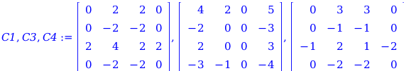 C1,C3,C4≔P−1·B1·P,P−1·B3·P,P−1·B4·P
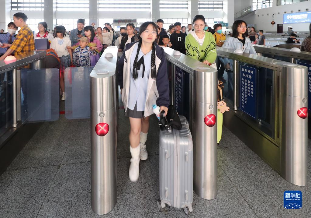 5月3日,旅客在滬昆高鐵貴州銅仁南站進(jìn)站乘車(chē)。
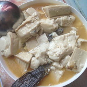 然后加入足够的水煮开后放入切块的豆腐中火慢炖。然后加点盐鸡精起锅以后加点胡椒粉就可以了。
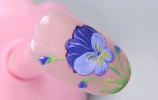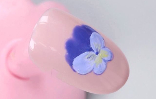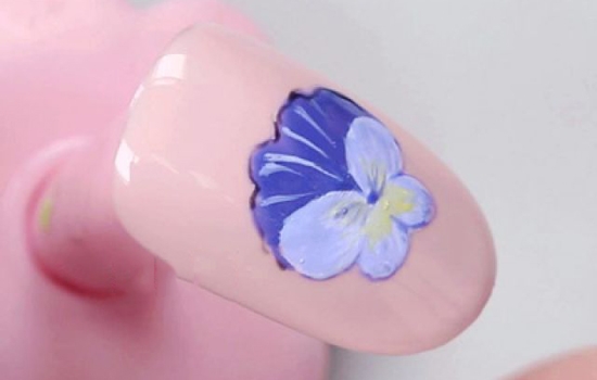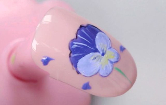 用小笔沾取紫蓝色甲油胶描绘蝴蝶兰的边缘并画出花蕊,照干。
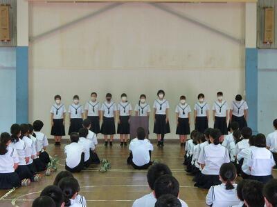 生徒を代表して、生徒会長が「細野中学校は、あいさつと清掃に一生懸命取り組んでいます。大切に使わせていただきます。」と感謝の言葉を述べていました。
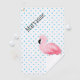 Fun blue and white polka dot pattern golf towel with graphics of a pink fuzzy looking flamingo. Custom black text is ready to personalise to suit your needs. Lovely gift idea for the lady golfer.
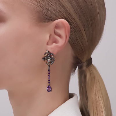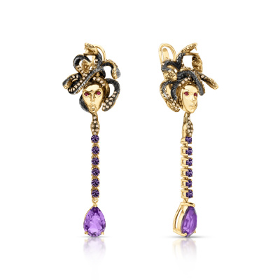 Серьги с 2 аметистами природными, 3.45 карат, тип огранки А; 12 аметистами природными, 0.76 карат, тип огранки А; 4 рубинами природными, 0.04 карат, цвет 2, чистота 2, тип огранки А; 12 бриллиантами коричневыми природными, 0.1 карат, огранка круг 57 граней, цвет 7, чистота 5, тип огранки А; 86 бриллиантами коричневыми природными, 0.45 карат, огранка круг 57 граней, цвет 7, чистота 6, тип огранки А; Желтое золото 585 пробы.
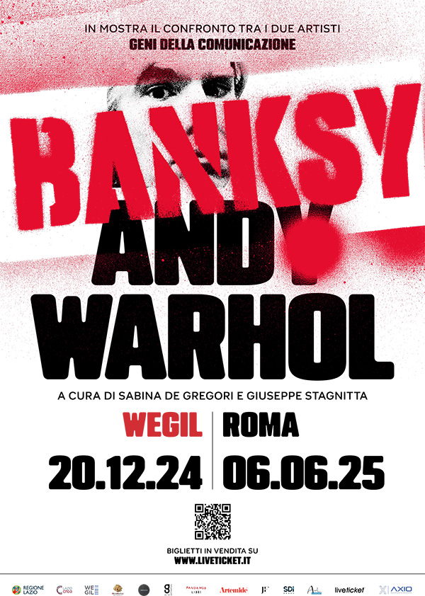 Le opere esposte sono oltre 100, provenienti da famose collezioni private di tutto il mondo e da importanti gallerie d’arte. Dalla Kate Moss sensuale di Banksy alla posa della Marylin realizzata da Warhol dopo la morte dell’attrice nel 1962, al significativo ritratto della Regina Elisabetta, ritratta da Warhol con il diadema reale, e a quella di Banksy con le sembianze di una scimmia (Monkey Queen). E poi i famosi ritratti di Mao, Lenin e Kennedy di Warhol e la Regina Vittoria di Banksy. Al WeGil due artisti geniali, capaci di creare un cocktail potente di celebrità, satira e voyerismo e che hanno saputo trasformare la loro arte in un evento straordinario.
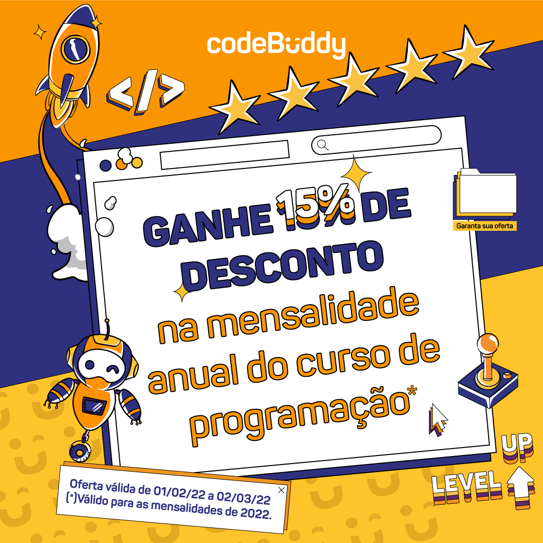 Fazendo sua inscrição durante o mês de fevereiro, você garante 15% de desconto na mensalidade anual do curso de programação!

--

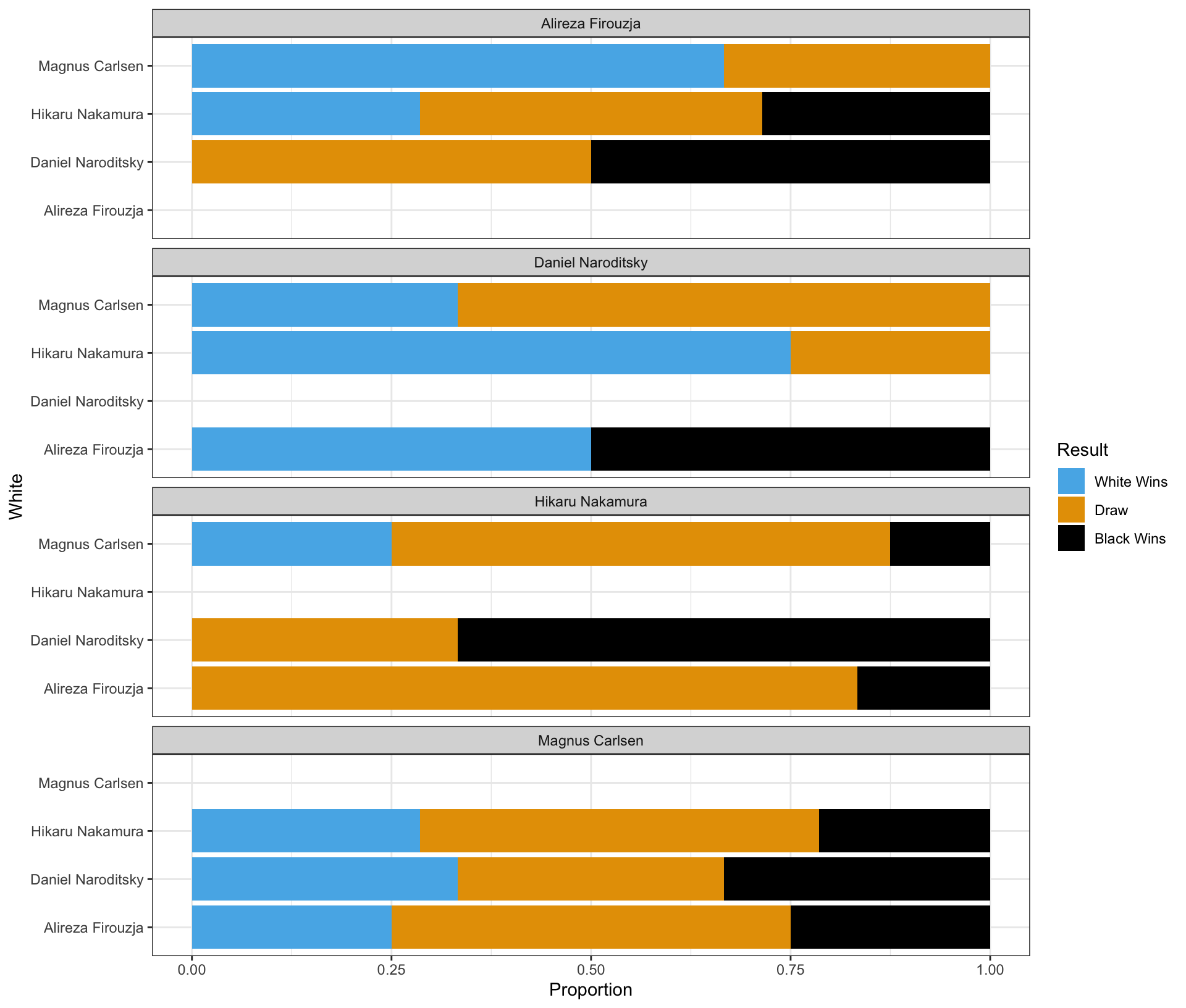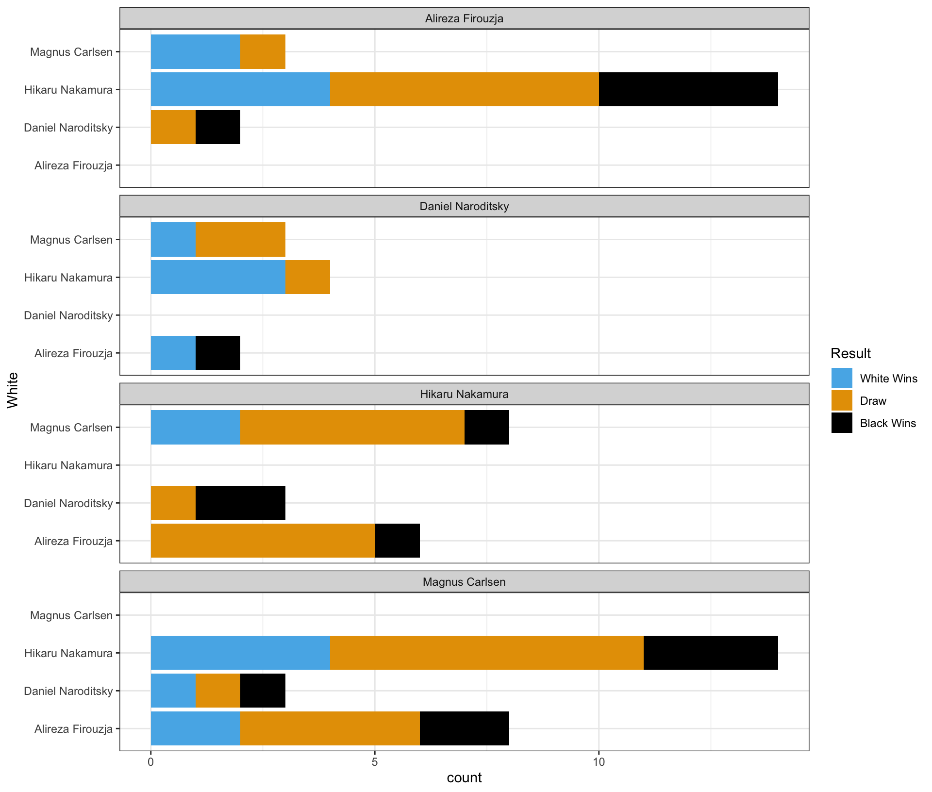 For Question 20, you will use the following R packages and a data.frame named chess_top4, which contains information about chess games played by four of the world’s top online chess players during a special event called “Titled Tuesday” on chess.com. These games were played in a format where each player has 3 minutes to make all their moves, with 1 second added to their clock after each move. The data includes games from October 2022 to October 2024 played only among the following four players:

What needs to be done: An exact copy is needed of the entries above, starting at the line that holds "生徒を代表して、生徒会長が「" and stopping at the line that holds "Fazendo sua inscrição", both kept; pictures stay out.

Answer below:
 生徒を代表して、生徒会長が「細野中学校は、あいさつと清掃に一生懸命取り組んでいます。大切に使わせていただきます。」と感謝の言葉を述べていました。
 Fun blue and white polka dot pattern golf towel with graphics of a pink fuzzy looking flamingo. Custom black text is ready to personalise to suit your needs. Lovely gift idea for the lady golfer.
 Серьги с 2 аметистами природными, 3.45 карат, тип огранки А; 12 аметистами природными, 0.76 карат, тип огранки А; 4 рубинами природными, 0.04 карат, цвет 2, чистота 2, тип огранки А; 12 бриллиантами коричневыми природными, 0.1 карат, огранка круг 57 граней, цвет 7, чистота 5, тип огранки А; 86 бриллиантами коричневыми природными, 0.45 карат, огранка круг 57 граней, цвет 7, чистота 6, тип огранки А; Желтое золото 585 пробы.
 Le opere esposte sono oltre 100, provenienti da famose collezioni private di tutto il mondo e da importanti gallerie d’arte. Dalla Kate Moss sensuale di Banksy alla posa della Marylin realizzata da Warhol dopo la morte dell’attrice nel 1962, al significativo ritratto della Regina Elisabetta, ritratta da Warhol con il diadema reale, e a quella di Banksy con le sembianze di una scimmia (Monkey Queen). E poi i famosi ritratti di Mao, Lenin e Kennedy di Warhol e la Regina Vittoria di Banksy. Al WeGil due artisti geniali, capaci di creare un cocktail potente di celebrità, satira e voyerismo e che hanno saputo trasformare la loro arte in un evento straordinario.
 Fazendo sua inscrição durante o mês de fevereiro, você garante 15% de desconto na mensalidade anual do curso de programação!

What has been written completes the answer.